Cursor is essentially a deeply customized fork of Visual Studio Code that retains VS Code's full editor functionality while deeply integrating AI capabilities. Its core features include: Tab auto-completion (predicting the code you're about to write based on context), Cmd+K inline editing (selecting a code segment and describing modification intent in natural language), and Agent mode (using conversation to let AI autonomously complete complex cross-file tasks, including creating files and running terminal commands). Cursor Pro's "automatic model allocation" means the system automatically selects the appropriate underlying model based on task complexity — simple completion tasks may use lightweight models for faster response, while complex architecture-level tasks invoke more powerful models. This strategy controls API costs while maintaining a good user experience.
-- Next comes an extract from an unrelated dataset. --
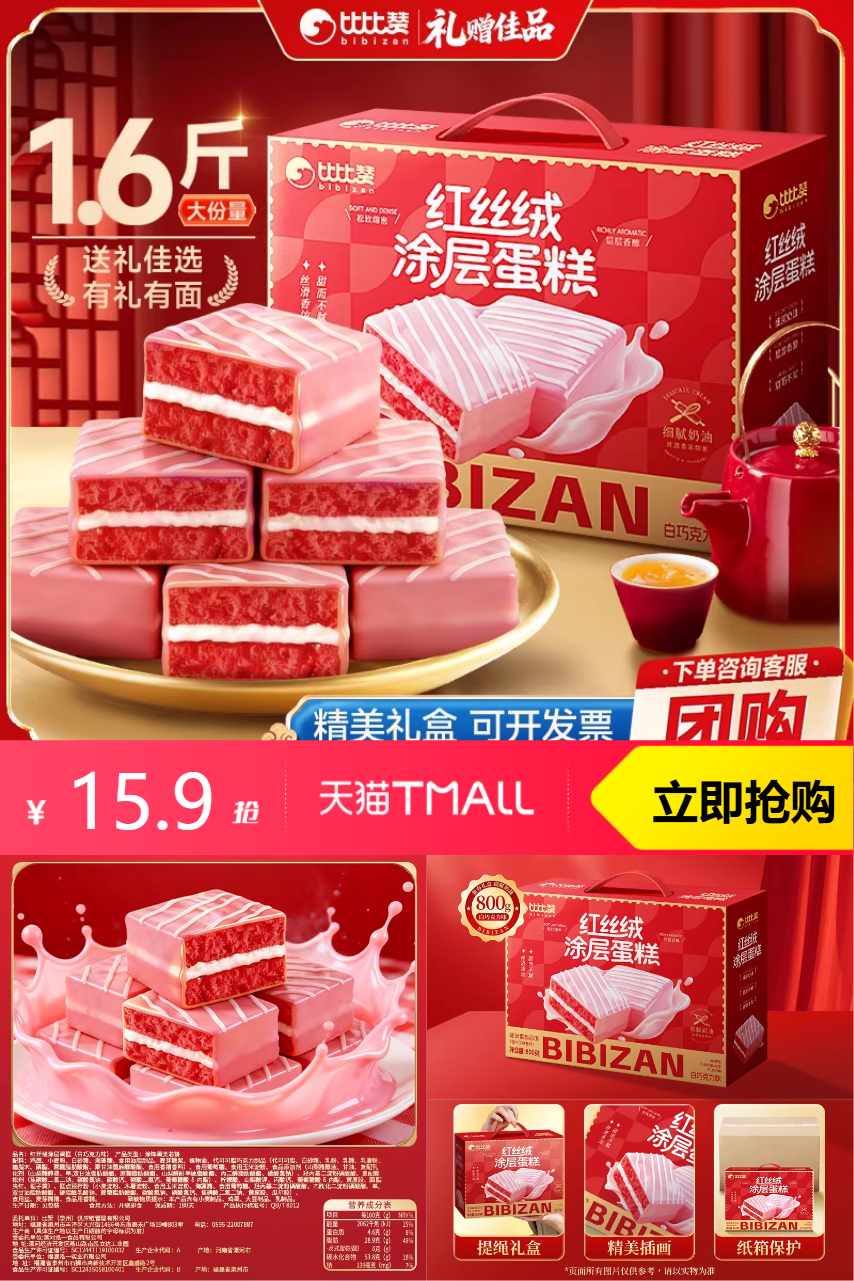 推荐:比比赞红丝绒涂层蛋糕礼盒

A practical tip: after installing the Godot Tools VS Code extension, Cursor can recognize Godot project structures, enabling script navigation and method call tracing. This extension provides GDScript syntax highlighting, auto-completion, and error checking for Cursor. More importantly, it allows the AI to understand Godot-specific node reference relationships and signal connection mechanisms when analyzing project code, resulting in more accurate code generation.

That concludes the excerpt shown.